The season's inaugural show featured "Bunker Hill Bunny", "Tweet and Lovely", "What's Up, Doc?", "Hare We Go", "Heaven Scent", "14 Carrot Rabbit", and "Home Tweet Home". Boats are a common image for "Hare We Go" and "Heaven Scent", and city parks are seen in "What's Up, Doc?" and "Home Tweet Home". The fenced yard in which Tweety's birdhouse is situated in "Tweet and Lovely" is similar in structure to the forts of "Bunker Hill Bunny". Elmer Fudd proposes an acting partnership to Bugs in "What's Up, Doc?", Bugs and Chris Columbus are exploratory collaborators in "Hare We Go", and Yosemite Sam ingratiates himself to Bugs with an expedient 50:50 gold-prospecting partnership in "14 Carrot Rabbit". Spain is shown in "Hare We Go", and a Spanish city is referenced in Show 2's "The Rabbit of Seville".

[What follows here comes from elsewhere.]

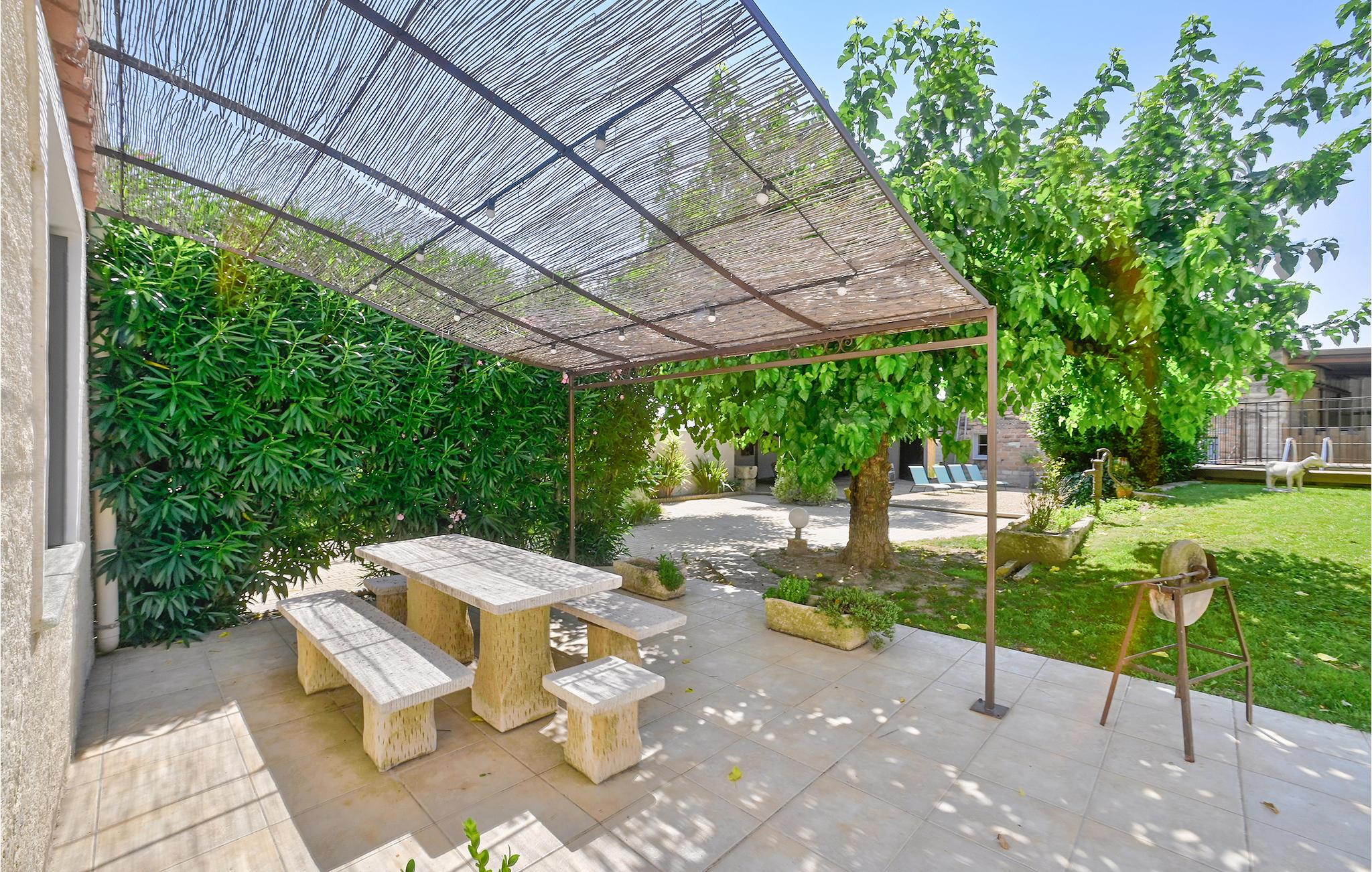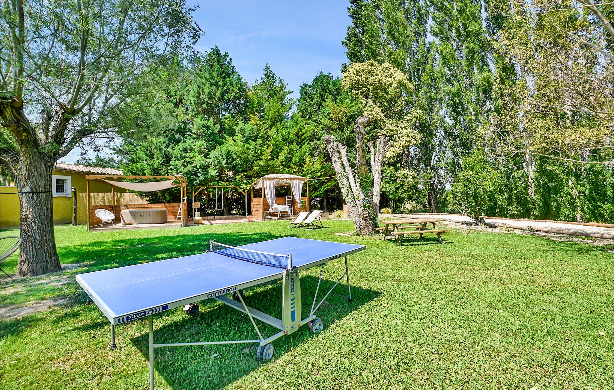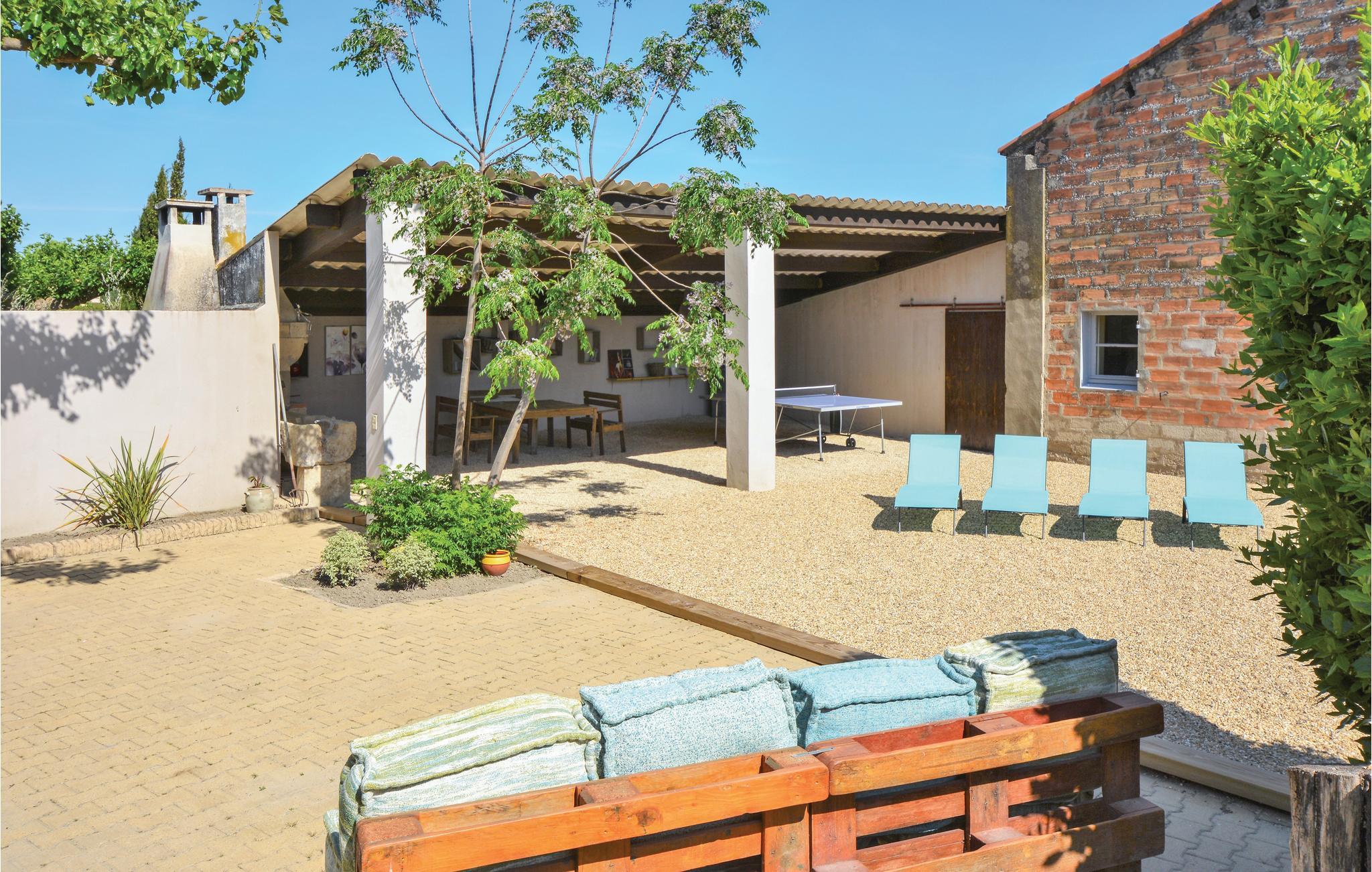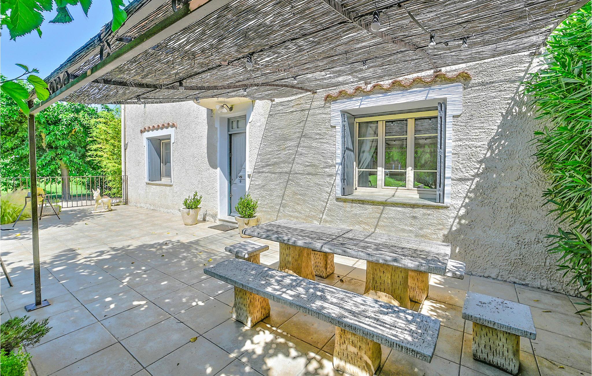 Til boligen hører en lille balkon, en åben terrasse til solbadning og en stor overdækket terrasse. Begge terrasser støder op til jeres private pool. I soveværelset i stueplan er der et hyggeligt siddehjørne. Af og til hører I en traktor tøffe forbi – men til gengæld kan I få udleveret frisk frugt fra husets ejer. I nærheden kan I besøge: Avignon (23 km), Saint-Rémy-de-Provence (21 km), Beaucaire (7 km), Nîmes (30 km), Arles (22 km) og Les Baux-de-Provence (22 km). I kan gå pragtfulde ture i Alpillerne og i den nærliggende by (2,5 km) er det gratis at spille tennis. Her er også en skaterpark og en lille sø.
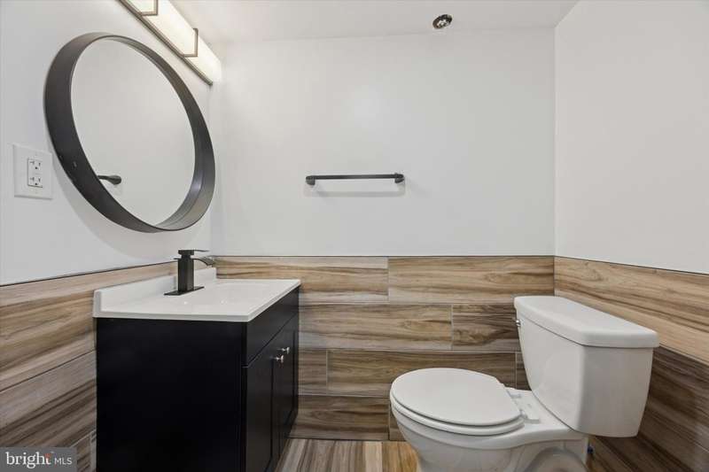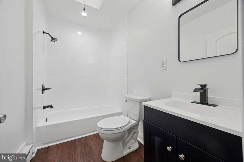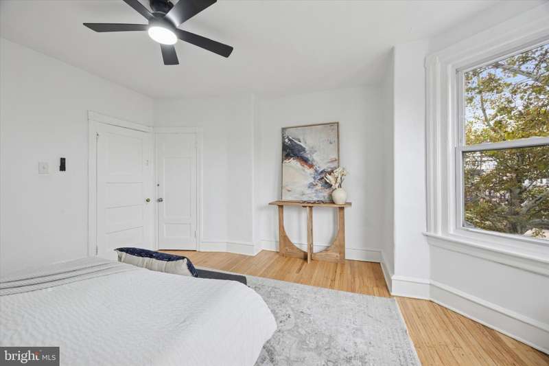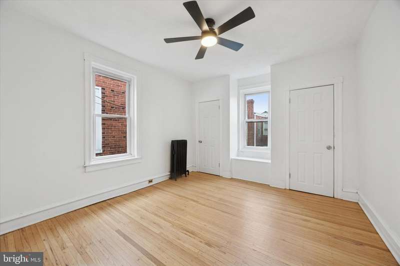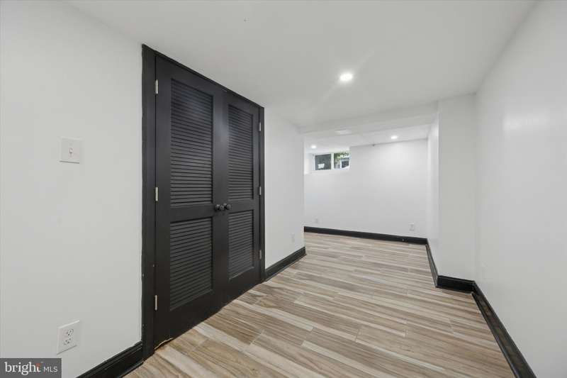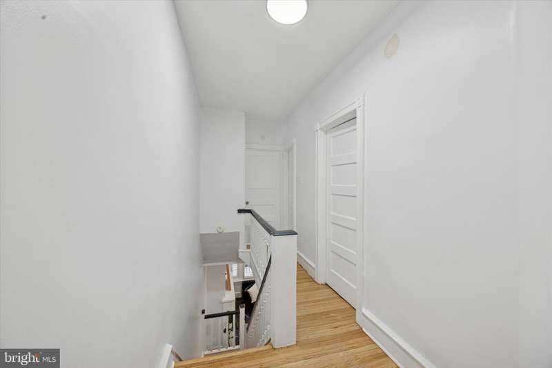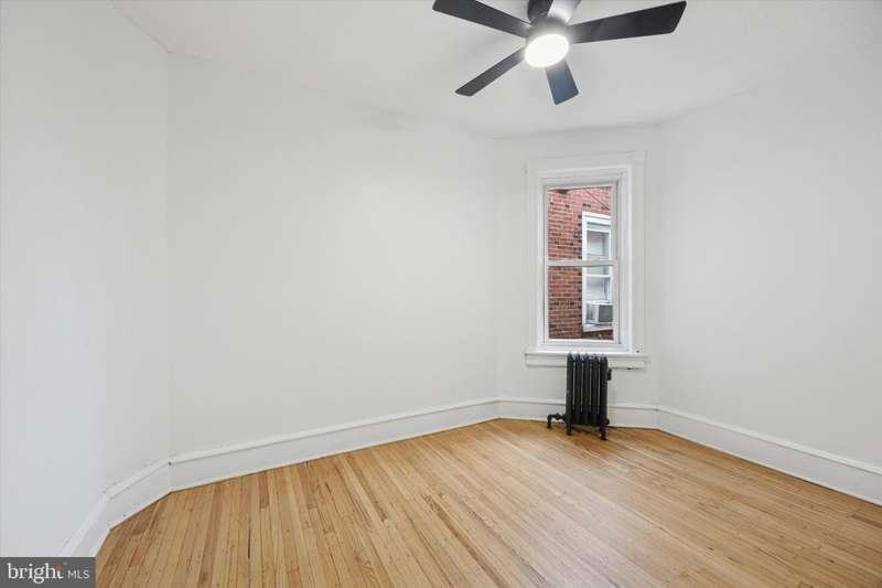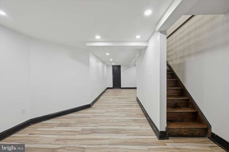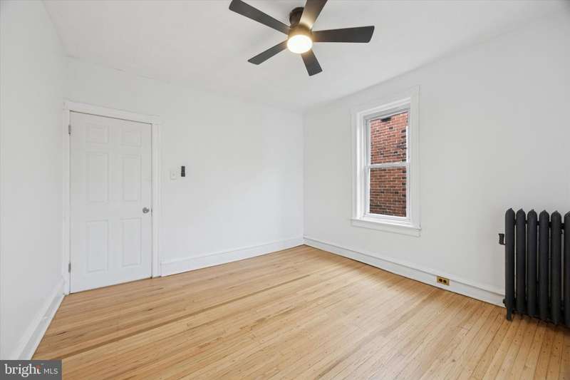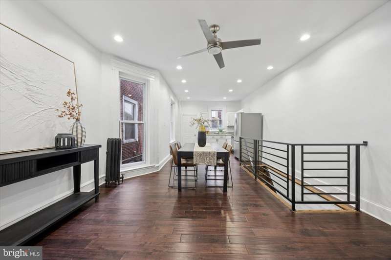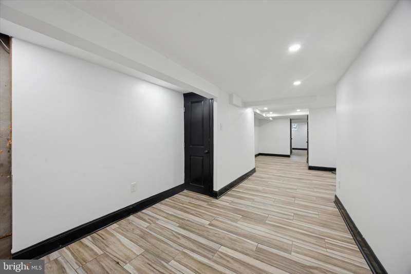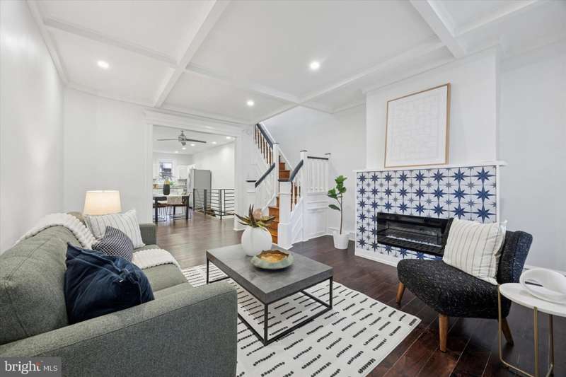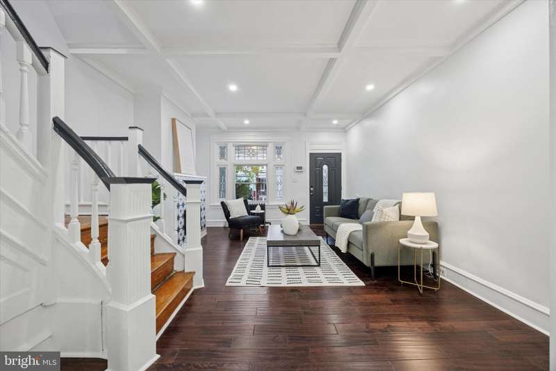 On one of the nicest blocks of Cobbs Creek, this rowhome has been updated where it counts while leaving plenty of charm intact. In the living room, the fresh white paint on the walls, coffered ceiling and original turned staircase make the leaded glass window and contemporary gas fireplace with cement tile surround blend perfectly together. The classic rowhome layout has been opened up, yet an extra-wide doorway with original dentil trim subtly separating the living and dining rooms was preserved, as was a sweet under-stair closet with original door. Oversized windows, including a floor-to-ceiling one in the dining room, flood the entire floor with natural light. The rear kitchen has freshly painted cabinets, handsome granite countertops with stainless steel undermount sink and stainless steel Whirlpool appliances including a five-burner range and French door fridge. A mudroom with extra storage space opens to the nicely sized rear yard. The finished basement with wood grain tile runs the full length of the house, offering two different hang zones separated by a powder room, a large mechanical closet, plus room left for storage. The second floor has gorgeous freshly refinished narrow-plank oak floors throughout the three bedrooms and hallway. The primary bedroom has a lovely bay window, the rear bedroom has two exposures including a charming window bench seat flanked by closets, and the middle true bedroom gets nice eastern light. Ornate radiators give each room an extra touch of charm. The oh-so-fresh-and-clean hall bathroom has a functional skylight and a new contemporary vanity, mirror and all black hardware. This tree-lined street, one of the loveliest stretches of already lovely Larchwood Ave, is in the heart of Cobbs Creek and is convenient to greenspace, shopping and public transit.

Show 2 contained "Hare-Breadth Hurry", "A Scent of the Matterhorn", "Birds Anonymous", "The Rabbit of Seville", "I Was a Teenage Thumb", "Spaced-Out Bunny", and "Satan's Waitin'". Mountainous settings are shared by Show 1's "Heaven Scent" and "14 Carrot Rabbit" and this episode's "A Scent of the Matterhorn". Pepe Le Pew rises from snow on the mountain in "A Scent of the Matterhorn" and calls himself the Abominable Snowman, and Hugo, the Abominable Snowman, appears as Marvin Martian's stooge in "Spaced-Out Bunny". The devil dog prodding Sylvester to continue mortally chasing Tweety in "Satan's Waitin'" is the flip side to the "Birds Anonymous" orange cat that tries to prevent Sylvester from succumbing to bird-craving. A giant fish swallows most of Wile E. Coyote in "Hare-Breadth Hurry", and there are comparable events in "I Was a Teenage Thumb" (Tom Thumb falls into the mouth of a huge fish in King Arthur's lake) and Show 3's "Sandy Claws" (Sylvester is the victim of an extraordinarily sized mackerel). Knighthood in "I Was a Teenage Thumb" connects with Show 3's "Knighty Knight Bugs". Also, the "monstrous bird" that by its foot snags Tom Thumb foreshadows Tweety's transformed state of "Hyde and Go Tweet" in Show 3. And the sheep providing the wool for Mrs. Thumb's knitting of booties is another image trying this episode with its successor, whose contents include "Woolen Under Where". Although "I Was a Teenage Thumb" was a rarity on ABC, its use in this instance linked to many cartoons in a coinciding show.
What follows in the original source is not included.